Pink eye is an acute, contagious form of conjunctivitis – inflammation of the clear mucous membrane that lines the inner surface of the eyelids and overlies the “white” of the eye (sclera). The underlying cause of most cases of pink eye is a bacterial or viral infection.
The term “pink eye” often is used to refer to any or all types of conjunctivitis, not just the acute, contagious form.
Pink eye signs and symptoms
The hallmark sign of pink eye is a pink or reddish appearance of the eye due to inflammation and dilation of conjunctival blood vessels.
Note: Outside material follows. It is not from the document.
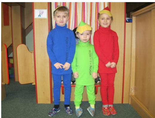
Obrázek 8: Karneval

Depending on the type of conjunctivitis, other signs and symptoms may include a yellow or green mucous discharge, watery eyes, itchy eyes, sensitivity to light and pain.
Signs and symptoms of pink eye can vary, depending on the underlying cause:
- Viral conjunctivitis usually causes excessive eye watering and a light discharge.
- Bacterial conjunctivitis often causes a thick, sticky discharge that typically is yellow or green in color.
- Allergic conjunctivitis affects both eyes and causes itching, redness, watery eyes and a runny nose.
- Giant papillary conjunctivitis (GPC) usually affects both eyes and causes contact lens intolerance, itching, a thick discharge, tearing and red bumps on the underside of the eyelids.
To pinpoint the cause and then choose an appropriate treatment, your eye doctor will ask some questions, examine your eyes and possibly collect a sample on a swab to send out for analysis.
Causes of pink eye
Though pink eye can affect people of any age, it is especially common among preschoolers and school children because of the amount of bacteria transferred among children.
Conjunctivitis also may be triggered by a virus, an allergic reaction (to dust, pollen, smoke, fumes or chemicals) or, in the case of giant papillary conjunctivitis, a foreign body on the eye, typically a dirty contact lens. Bacterial and viral infections elsewhere in the body also can induce conjunctivitis.
Treatment of pink eye
Avoidance. Your first line of defense is to avoid the cause of conjunctivitis, such as contaminated hand towels. Both viral and bacterial conjunctivitis, which can be caused by airborne sources, spread easily to others.
To avoid allergic conjunctivitis, keep windows and doors closed on days when the airborne pollen count is high. Use high efficiency furnace filters to reduce airborne allergens inside your home.
Stay in well-ventilated areas if you’re exposed to smoke, chemicals or fumes. If you do experience exposure to these substances, applying a cold compress over your closed eyes can be very soothing.
If you’ve developed giant papillary conjunctivitis, odds are that you’re a contact lens wearer. You may need to stop wearing contacts for a period of time to allow the GPC to resolve during treatment. Your eye doctor also might recommend that you switch to a different type of contact lens, to reduce the chance of the conjunctivitis coming back.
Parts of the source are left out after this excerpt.